OBJECTIVE: To assess the feasibility and validity of unsupervised participant-collected nasal swabs to detect respiratory pathogens in a low-income, urban minority population. METHODS: This project was conducted as part of an ongoing community-based surveillance study in New York City to identify viral etiologies of acute respiratory infection. In January 2014, following sample collection by trained research assistants, participants with acute respiratory infection from 30 households subsequently collected and returned a self-collected/parent-collected nasal swab via mail. Self/parental swabs corresponding with positive reverse transcription polymerase chain reaction primary research samples were analyzed.
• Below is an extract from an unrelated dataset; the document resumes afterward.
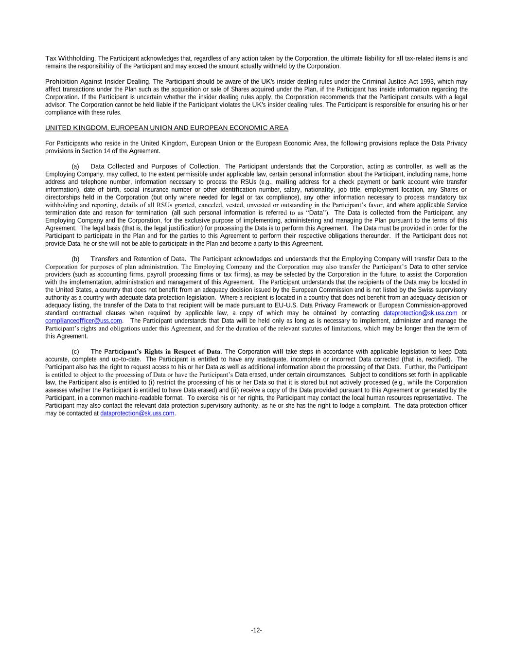 -12- Tax Withholding. The Participant acknowledges that, regardless of any action taken by the Corporation, the ultimate liability for all tax-related items is and remains the responsibility of the Participant and may exceed the amount actually withheld by the Corporation. Prohibition Against Insider Dealing. The Participant should be aware of the UK's insider dealing rules under the Criminal Justice Act 1993, which may affect transactions under the Plan such as the acquisition or sale of Shares acquired under the Plan, if the Participant has inside information regarding the Corporation. If the Participant is uncertain whether the insider dealing rules apply, the Corporation recommends that the Participant consults with a legal advisor. The Corporation cannot be held liable if the Participant violates the UK's insider dealing rules. The Participant is responsible for ensuring his or her compliance with these rules. UNITED KINGDOM, EUROPEAN UNION AND EUROPEAN ECONOMIC AREA For Participants who reside in the United Kingdom, European Union or the European Economic Area, the following provisions replace the Data Privacy provisions in Section 14 of the Agreement. (a) Data Collected and Purposes of Collection. The Participant understands that the Corporation, acting as controller, as well as the Employing Company, may collect, to the extent permissible under applicable law, certain personal information about the Participant, including name, home address and telephone number, information necessary to process the RSUs (e.g., mailing address for a check payment or bank account wire transfer information), date of birth, social insurance number or other identification number, salary, nationality, job title, employment location, any Shares or directorships held in the Corporation (but only where needed for legal or tax compliance), any other information necessary to process mandatory tax withholding and reporting, details of all RSUs granted, canceled, vested, unvested or outstanding in the Participant’s favor, and where applicable Service termination date and reason for termination (all such personal information is referred to as “Data”). The Data is collected from the Participant, any Employing Company and the Corporation, for the exclusive purpose of implementing, administering and managing the Plan pursuant to the terms of this Agreement. The legal basis (that is, the legal justification) for processing the Data is to perform this Agreement. The Data must be provided in order for the Participant to participate in the Plan and for the parties to this Agreement to perform their respective obligations thereunder. If the Participant does not provide Data, he or she will not be able to participate in the Plan and become a party to this Agreement. (b) Transfers and Retention of Data. The Participant acknowledges and understands that the Employing Company will transfer Data to the Corporation for purposes of plan administration. The Employing Company and the Corporation may also transfer the Participant’s Data to other service providers (such as accounting firms, payroll processing firms or tax firms), as may be selected by the Corporation in the future, to assist the Corporation with the implementation, administration and management of this Agreement. The Participant understands that the recipients of the Data may be located in the United States, a country that does not benefit from an adequacy decision issued by the European Commission and is not listed by the Swiss supervisory authority as a country with adequate data protection legislation. Where a recipient is located in a country that does not benefit from an adequacy decision or adequacy listing, the transfer of the Data to that recipient will be made pursuant to EU-U.S. Data Privacy Framework or European Commission-approved standard contractual clauses when required by applicable law, a copy of which may be obtained by contacting dataprotection@sk.uss.com or complianceofficer@uss.com. The Participant understands that Data will be held only as long as is necessary to implement, administer and manage the Participant’s rights and obligations under this Agreement, and for the duration of the relevant statutes of limitations, which may be longer than the term of this Agreement. (c) The Participant’s Rights in Respect of Data. The Corporation will take steps in accordance with applicable legislation to keep Data accurate, complete and up-to-date. The Participant is entitled to have any inadequate, incomplete or incorrect Data corrected (that is, rectified). The Participant also has the right to request access to his or her Data as well as additional information about the processing of that Data. Further, the Participant is entitled to object to the processing of Data or have the Participant’s Data erased, under certain circumstances. Subject to conditions set forth in applicable law, the Participant also is entitled to (i) restrict the processing of his or her Data so that it is stored but not actively processed (e.g., while the Corporation assesses whether the Participant is entitled to have Data erased) and (ii) receive a copy of the Data provided pursuant to this Agreement or generated by the Participant, in a common machine-readable format. To exercise his or her rights, the Participant may contact the local human resources representative. The Participant may also contact the relevant data protection supervisory authority, as he or she has the right to lodge a complaint. The data protection officer may be contacted at dataprotection@sk.uss.com.

RESULTS: Nearly all (96.8%, n=30/31) households agreed to participate; 100% reported returning the sample and 29 were received (median time: 8 days). Most (18; 62.1%) of the primary research samples were positive. For eight influenza-positive research samples, seven (87.5%) self-swabs were also positive. For ten other respiratory pathogen-positive research samples, eight (80.0%) self-swabs were positive. Sensitivity of self-swabs for any respiratory pathogen was 83.3% and 87.5% for influenza, and specificity for both was 100%. There was no relationship between level of education and concordance of results between positive research samples and their matching participant swab. CONCLUSION: In this pilot study, self-swabbing was feasible and valid in a low-income, urban minority population.